Whether that means persistent-forever or session-bound depends on your harness, and it states which, plainly, at setup. Claude Code CLI's /schedule persists independently of any open session. Some other environments only support recurring jobs scoped to the current session, often with a hard expiry (e.g. 7 days) regardless of activity.

"Self-improving," precisely defined

Not the model getting smarter — that would be a claim this tool exists to catch elsewhere, so it doesn't get a pass here either. What actually happens: a local file (~/.overkill/history.md) that records when you correct a classification, and consults those corrections on future runs. Also tracks whether a recommended fix actually got adopted, and whether spend in that category dropped afterward — checked against reality, not assumed. Empty history file means it says so and classifies from base rules, not from learning that hasn't happened yet.

Install

Claude Code / any Agent Skills host:

npx skills add iamtural/overkill -g

Requires ccusage (auto-invoked via npx, no separate install needed) for the raw usage layer.

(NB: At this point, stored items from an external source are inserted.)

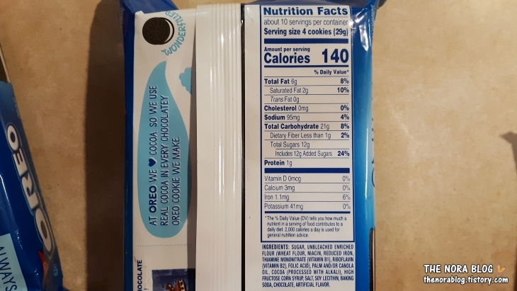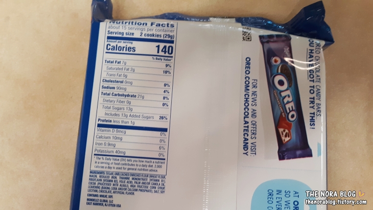 홀쭉이 오레오 씬즈는 쿠키도 얇고 안에 크림도 얇게 끼여 있어요. 아마도 오레오 쿠키는 너무 먹고 싶은데 칼로리가 걱정되는 사람들을 위해서 만든 게 아닌가 싶어요. 얇은 홀쭉이 오레오 쿠키이니만큼 열량도 상대적으로 낮아서 4개에 140 칼로리입니다.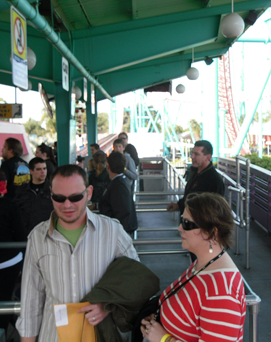 The Season Pass' Doug and Shannon and very few other people, waiting patiently to enjoy one of the best coasters in California. Some would argue the best steel coaster in the state, for sure.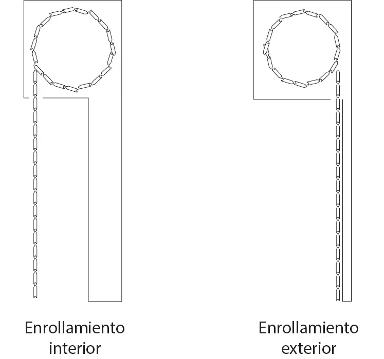 Las persianas tienen deferentes enrollamientos, las hay de enrollamiento interior y las de enrollamiento exterior. Este dato es muy importante conocerlo ya que los ganchos de la persiana tienen mano y se montan según su enrollamiento. Al fabricar la persiana con el enrollamiento equivocado vas a tener problemas con el tiempo ya que los ganchos que van entre lamas se van abriendo poco a poco hasta que la persiana se parte en dos.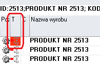Jeśli wykrojniki zostały przypisane do kartoteki produktu symbolizowane jest to w kolorem żółtym.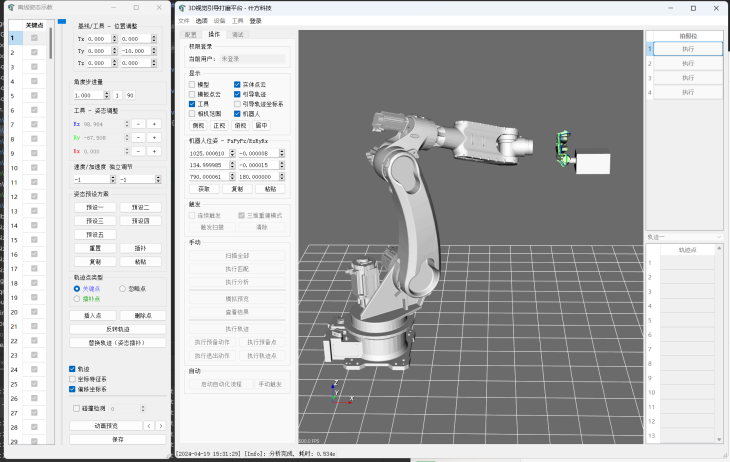 軟件界面圖片 免人工示教功能是VGS去毛刺智能引導系統的主要亮點之一,產品導入時間縮短至30分鐘以內。相比傳統人工示教模式動輒需要數天時間,大大提高了生產效率。同時,系統采用模塊化操作界面,操作人員無需專業背景知識即可快速上手,降低了操作難度和培訓成本。其引導精度可達±0.1mm(部分型號±0.3mm),確保了加工質量的一致性和穩定性。 在數字化動作仿真方面,VGS去毛刺智能引導系統也表現出色。操作人員可以通過軟件界面直觀地查看加工過程和軌跡,便于進行優化和調整。這種可視化操作不僅提高了操作的便捷性,還確保了去毛刺打磨過程的一致性和可控性。 此外,VGS系統還支持多種刀具和多個品牌機械手(機器人)、CNC數控設備類型,能夠與現有生產線無縫集成。針對去毛刺方式或應用場景,VGS去毛刺智能引導系統有針對性地開發了VGS-M24、VGS-F24、VGS-C24、VGS-SW等多款專用系統,以滿足不同客戶的多樣化需求。

Manual: copy skills/overkill/ into your harness's skills directory (e.g. .claude/skills/).

Scope (v1)

Usage-only mode works everywhere, today, with zero extra setup. Full content-correlated mode needs session transcripts to be readable — works out of the box on harnesses that store them on disk; on others, point it at what you worked on and it classifies from your description instead.

Known limitations

Dollar figures for individual flagged items are estimates, not measured facts, in v1. ccusage (and the other CLI usage tools it wraps) reports cost at the block or session level — it does not expose what any single tool call or skill invocation cost on its own. Overkill can tell you what looked like overkill with real confidence, because that comes from reading actual content. It cannot yet tell you precisely how many dollars that specific thing cost, because the pricing data isn't that granular anywhere in the pipeline it reads from. Every dollar figure in a report says whether it's measured or estimated — trust the label, not just the number. This closes once a harness exposes per-invocation cost; nothing about the skill's design blocks it, the data just isn't there yet.

Task classification is judgment, not a formula. Two people could classify the same task differently. Overkill states its reasoning for every classification so you can disagree with a specific call — it is not a black box handing down verdicts.

License

MIT

About

Audits real Claude Code usage for effort/model waste — reuses ccusage for raw data, adds the judgment layer it can't provide.